_Problem to solve_
Leave the pictures aside and copy all the data exactly.

_Data for review_

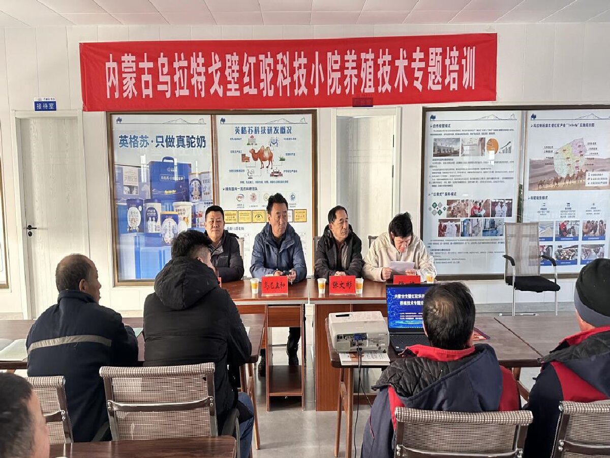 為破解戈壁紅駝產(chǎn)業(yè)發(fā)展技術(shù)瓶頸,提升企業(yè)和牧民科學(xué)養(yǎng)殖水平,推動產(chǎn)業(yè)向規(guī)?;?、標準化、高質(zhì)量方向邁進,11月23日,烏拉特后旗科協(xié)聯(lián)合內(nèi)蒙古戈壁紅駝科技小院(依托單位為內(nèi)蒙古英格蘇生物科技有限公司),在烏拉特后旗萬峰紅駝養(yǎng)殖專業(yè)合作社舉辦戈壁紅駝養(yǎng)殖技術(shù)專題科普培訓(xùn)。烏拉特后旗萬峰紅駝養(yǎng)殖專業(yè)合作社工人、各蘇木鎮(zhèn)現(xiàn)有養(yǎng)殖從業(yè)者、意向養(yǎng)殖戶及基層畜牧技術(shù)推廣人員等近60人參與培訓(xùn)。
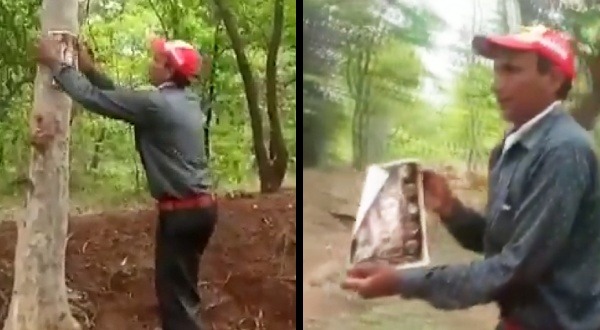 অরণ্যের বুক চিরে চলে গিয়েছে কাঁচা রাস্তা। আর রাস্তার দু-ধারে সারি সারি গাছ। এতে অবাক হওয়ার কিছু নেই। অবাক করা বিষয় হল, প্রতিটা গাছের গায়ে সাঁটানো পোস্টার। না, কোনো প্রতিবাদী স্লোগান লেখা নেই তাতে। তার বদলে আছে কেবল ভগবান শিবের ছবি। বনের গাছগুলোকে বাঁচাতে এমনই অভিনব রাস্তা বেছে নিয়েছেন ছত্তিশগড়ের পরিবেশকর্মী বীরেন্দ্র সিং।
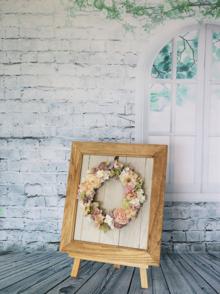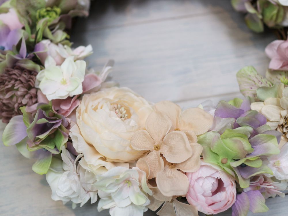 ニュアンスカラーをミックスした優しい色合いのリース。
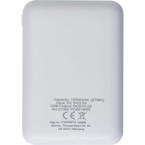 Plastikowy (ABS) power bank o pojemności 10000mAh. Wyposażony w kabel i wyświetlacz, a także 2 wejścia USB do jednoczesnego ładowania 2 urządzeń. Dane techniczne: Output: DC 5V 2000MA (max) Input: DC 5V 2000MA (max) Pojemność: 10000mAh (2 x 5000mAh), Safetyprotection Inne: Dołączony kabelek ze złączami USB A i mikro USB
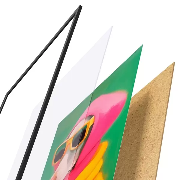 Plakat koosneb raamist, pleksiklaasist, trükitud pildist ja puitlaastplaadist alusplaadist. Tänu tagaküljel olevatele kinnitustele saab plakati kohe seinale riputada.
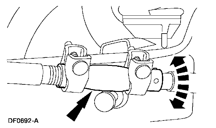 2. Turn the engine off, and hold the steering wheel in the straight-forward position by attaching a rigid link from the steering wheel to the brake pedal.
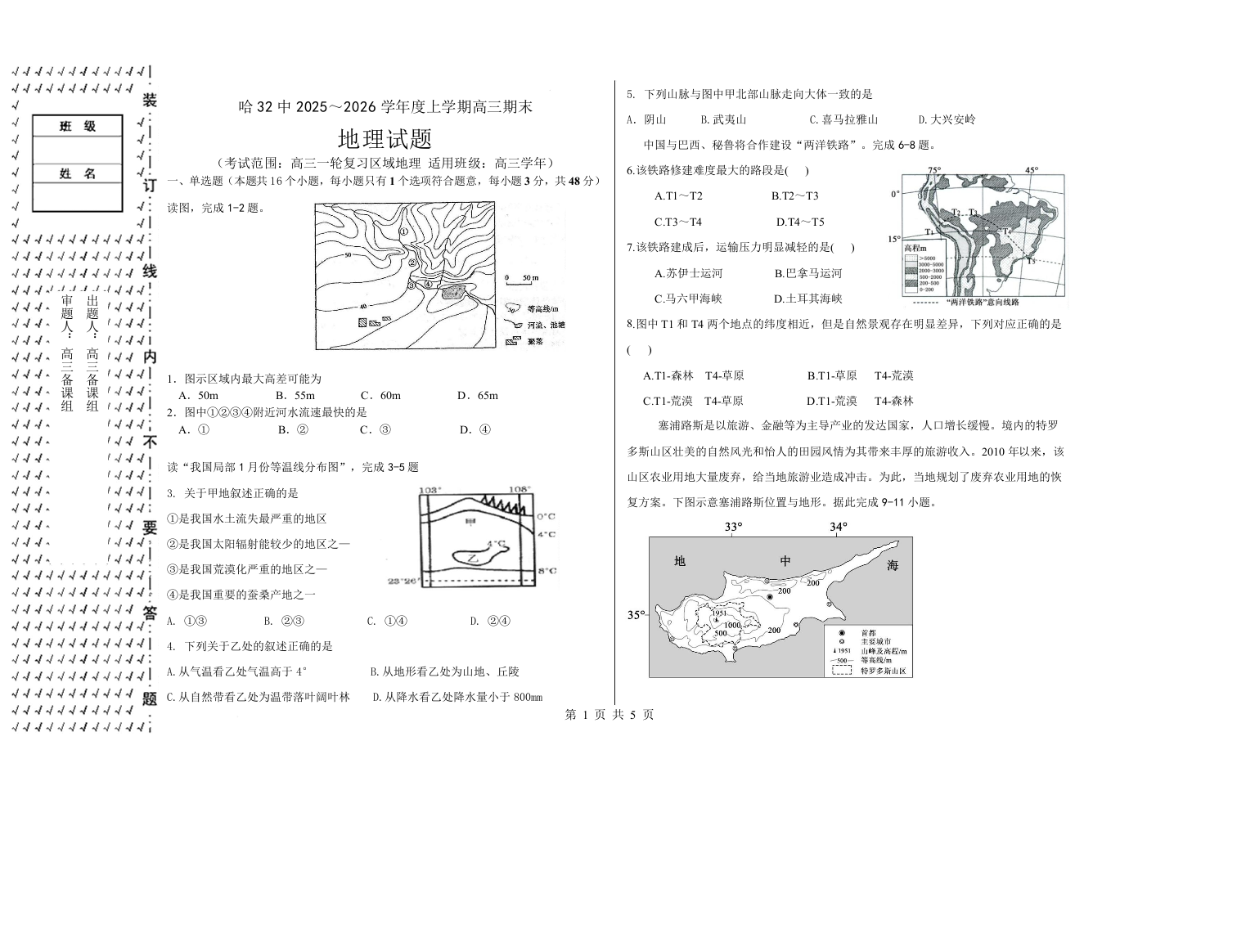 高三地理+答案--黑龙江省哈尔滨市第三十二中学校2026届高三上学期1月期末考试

_Written response_
 為破解戈壁紅駝產(chǎn)業(yè)發(fā)展技術(shù)瓶頸,提升企業(yè)和牧民科學(xué)養(yǎng)殖水平,推動產(chǎn)業(yè)向規(guī)?;?、標準化、高質(zhì)量方向邁進,11月23日,烏拉特后旗科協(xié)聯(lián)合內(nèi)蒙古戈壁紅駝科技小院(依托單位為內(nèi)蒙古英格蘇生物科技有限公司),在烏拉特后旗萬峰紅駝養(yǎng)殖專業(yè)合作社舉辦戈壁紅駝養(yǎng)殖技術(shù)專題科普培訓(xùn)。烏拉特后旗萬峰紅駝養(yǎng)殖專業(yè)合作社工人、各蘇木鎮(zhèn)現(xiàn)有養(yǎng)殖從業(yè)者、意向養(yǎng)殖戶及基層畜牧技術(shù)推廣人員等近60人參與培訓(xùn)。
 অরণ্যের বুক চিরে চলে গিয়েছে কাঁচা রাস্তা। আর রাস্তার দু-ধারে সারি সারি গাছ। এতে অবাক হওয়ার কিছু নেই। অবাক করা বিষয় হল, প্রতিটা গাছের গায়ে সাঁটানো পোস্টার। না, কোনো প্রতিবাদী স্লোগান লেখা নেই তাতে। তার বদলে আছে কেবল ভগবান শিবের ছবি। বনের গাছগুলোকে বাঁচাতে এমনই অভিনব রাস্তা বেছে নিয়েছেন ছত্তিশগড়ের পরিবেশকর্মী বীরেন্দ্র সিং।
 ニュアンスカラーをミックスした優しい色合いのリース。
 Plastikowy (ABS) power bank o pojemności 10000mAh. Wyposażony w kabel i wyświetlacz, a także 2 wejścia USB do jednoczesnego ładowania 2 urządzeń. Dane techniczne: Output: DC 5V 2000MA (max) Input: DC 5V 2000MA (max) Pojemność: 10000mAh (2 x 5000mAh), Safetyprotection Inne: Dołączony kabelek ze złączami USB A i mikro USB
 Plakat koosneb raamist, pleksiklaasist, trükitud pildist ja puitlaastplaadist alusplaadist. Tänu tagaküljel olevatele kinnitustele saab plakati kohe seinale riputada.
 2. Turn the engine off, and hold the steering wheel in the straight-forward position by attaching a rigid link from the steering wheel to the brake pedal.
 高三地理+答案--黑龙江省哈尔滨市第三十二中学校2026届高三上学期1月期末考试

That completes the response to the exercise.